Тотчас по заключении мира с турками началась война со шведами в союзе с польским и датским королями. Петр в этой войне вовсе не искал ни военной славы, ни распространения своих владений. Он считал эту войну необходимою, во-первых, для того, чтоб добиться Балтийского моря, от которого оттолкнули русских немцы, поляки и шведы, и потом он видел в этой европейской войне хорошую школу для русского войска. Он знал, что новособранное русское войско, как бы его ни учили во время мира, не померившись с другим европейским искусным войском, не получит искусства военного, не выйдут из него свои хорошие офицеры и генералы, все будет нужда в иностранцах. Петр заранее знал, что школа будет тяжелая, что сначала будут неудачи, что русскому неопытному войску с первого раза не осилить шведского войска, знаменитого тогда своим искусством и давно привыкшего к победам. Петр знал, что постоянная удача балует, портит человека и самый народ, а неудача учит и укрепляет силы. Начало войны было неудачно: молодой шведский король Карл XII не испугался тройного союза против себя, начал действовать с необыкновенною силою и быстротою; сначала напал на Данию и принудил ее к миру; потом переправился на восточный берег Балтийского моря. Русское войско в это время осаждало Нарву; Карл XII внезапно напал на него и страшно поразил; русские потеряли много людей, все пушки. Но e них оставался царь Петр, которого никакая беда сломить не могла. Петр не потерял духа и сейчас же воспользовался тем, что Карл XII пошел в Польшу против тамошнего короля Августа II. Как после первого неудачного Азовского похода, так и теперь закипела изумительная деятельность. Через год уже были готовы новые пушки взамен тех, которые потеряли под Нарвою. В этом деле много помогал Петру старик Виниус, из давно поселившихся в Москве, обруселых иноземцев. Виниус замечателен тем, что указал на богатство Сибири относительно руд. «Такое множество нашел я здесь руд, — писал он царю из Сибири, — что, думаю, до конца мира не выкопать; особенно болит сердце, что иноземцы, продавши высокою ценою шведское железо и побрав русские деньги, за границу поехали, а наше сибирское железо гораздо лучше шведского». Петр очень любил таких людей, у которых болело сердце, что русские о своем не знают и покупают чужое дорогою ценою. Лили пушки; но прежде всего надобно было приготовить людей, искусных на войне; набрано было в школы 250 мальчиков, из которых должны были выйти инженеры, артиллеристы и всякие мастера.
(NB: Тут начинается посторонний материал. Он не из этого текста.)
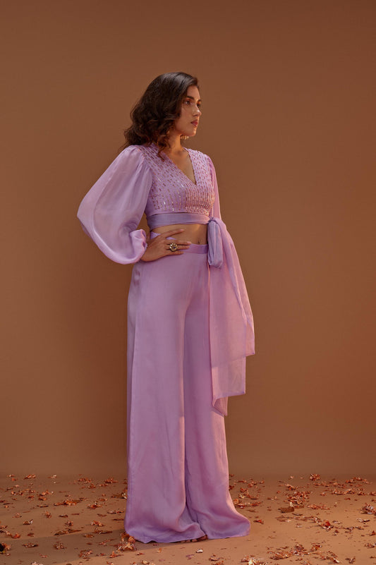 LILAC CROP TOP WITH PALAZO AND ORGANZA TIE UP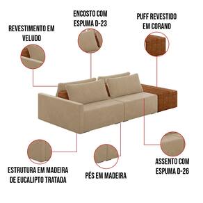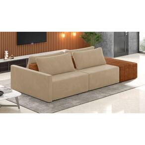 O Sofá Ilha 2 Lugares Living Lary de 292 cm é uma peça de destaque para qualquer ambiente, com um design moderno este sofá apresenta uma estrutura modular permitindo reorganizá-la criando um layout personalizado. Revestido no luxuoso tecido Veludo, proporcionando uma sensação de aconchego e sofisticação. Seu assento é fixo em espuma D-26 com multimolas de sustentação espiral e ensacadas, solda dupla, manta acrílica e percintas elásticas, suportando até 150 kg por assento. Já o encosto possui espuma D-23 sendo ele removível, com almofadas soltas preenchidas com 100% de fibra siliconada, proporcionando um apoio macio para as costas. Os pés são feitos em madeira certificando maior estabilidade ao móvel. Este sofá apresenta características de alta qualidade, incluindo uma estrutura de madeira tratada de eucalipto reflorestada, garantindo maior resistência e durabilidade ao produto, além de contribuir para a sustentabilidade ambiental. Com cinco assentos no total, um deles revestido em tecido Sintético Pu Nozes com detalhes em gomos feito com a técnica de costura pespontos, este sofá oferece espaço suficiente para acomodar confortavelmente até seis pessoas, tornando-o ideal para receber amigos e familiares com estilo e conforto. Pode ser utilizado em escritórios, restaurantes e demais ambientes corporativos.O Sofá Lary é a escolha perfeita para quem busca uma peça de mobiliário que une funcionalidade, conforto e estilo em uma única solução para o seu ambiente. Aproveite!

В то время, когда спешили отливать пушки и заводить необходимые школы, русское войско под начальством Бориса Петровича Шереметева вступило в Лифляндию и уже стало с успехом проходить свою школу. В конце 1701 года Шереметев разбил шведского генерала Шлиппенбаха при селении Эрестфер. Эта победа сильно обрадовала, потому что была первою после нарвского поражения; Шереметев был сделан фельдмаршалом. Летом следующего года он одержал над тем же Шлиппенбахом другую победу при мызе Гуммельсгофе. Петр смотрел на ливонские походы как на школу для своих войск и как на средство ослабить неприятеля; утверждаться в Ливонии сначала он еще не думал; он хотел прежде всего утвердиться у Финского залива, где море всего ближе подходит к русским землям, где впала в море широкая река Нева, где Александр Невский победил шведов, но потом шведы отняли всю эту страну, овладели и русскою крепостью Орешком, которая находится при истоке Невы из Ладожского озера, так что вся Нева, вся прямая, кратчайшая дорога из русской земли в море, была в их руках. Петр сам взял этот Орешек жестоким приступом и писал к Виниусу: «Жесток был этот орех: однако, слава Богу, счастливо разгрызен». Взятый город был назван Ключом-городом (Шлиссельбург). Легко было догадаться, что хотел Петр отпереть этим ключом. В апреле 1703 года он добрался до устья Невы. 5 мая появились здесь два шведских корабля: Петр, посадив своих преображенцев и семеновцев на 30 лодок, окружил шведские корабли и взял их: это был первый успех на море. До моря дошли; но надобно было укрепиться на нем, и 16 мая 1703 года на одном из островов невского устья срубили деревянную крепость: то был Петербург. Добыли новый морской берег, надобно было строить новый флот, и в Лодейном поле начали строить морские суда; в глубокую осень, когда по Неве уже плавает лед, Петр около Котлина острова меряет глубину: здесь будут укрепления, здесь будет Кронштадт, оборона Петербургу, куда уже пришел первый иностранный купеческий корабль. Но Петр не покидает и старого, Азовского флота; из Петербурга спешит в Воронеж, смотреть, как там идет дело, как там строятся корабли. Весною 1704 года Петр уже опять на западе: здесь берет Дерпт, старый русский Юрьев, и пишет своим: «Сей славный отечественный град паки получен». Еще радостнее писал Петр о взятии крепкой Нарвы: «Где четыре года тому назад Господь оскорбил, тут ныне веселыми победителями учинил, ибо сию преславную крепость шпагою в три четверти часа получили».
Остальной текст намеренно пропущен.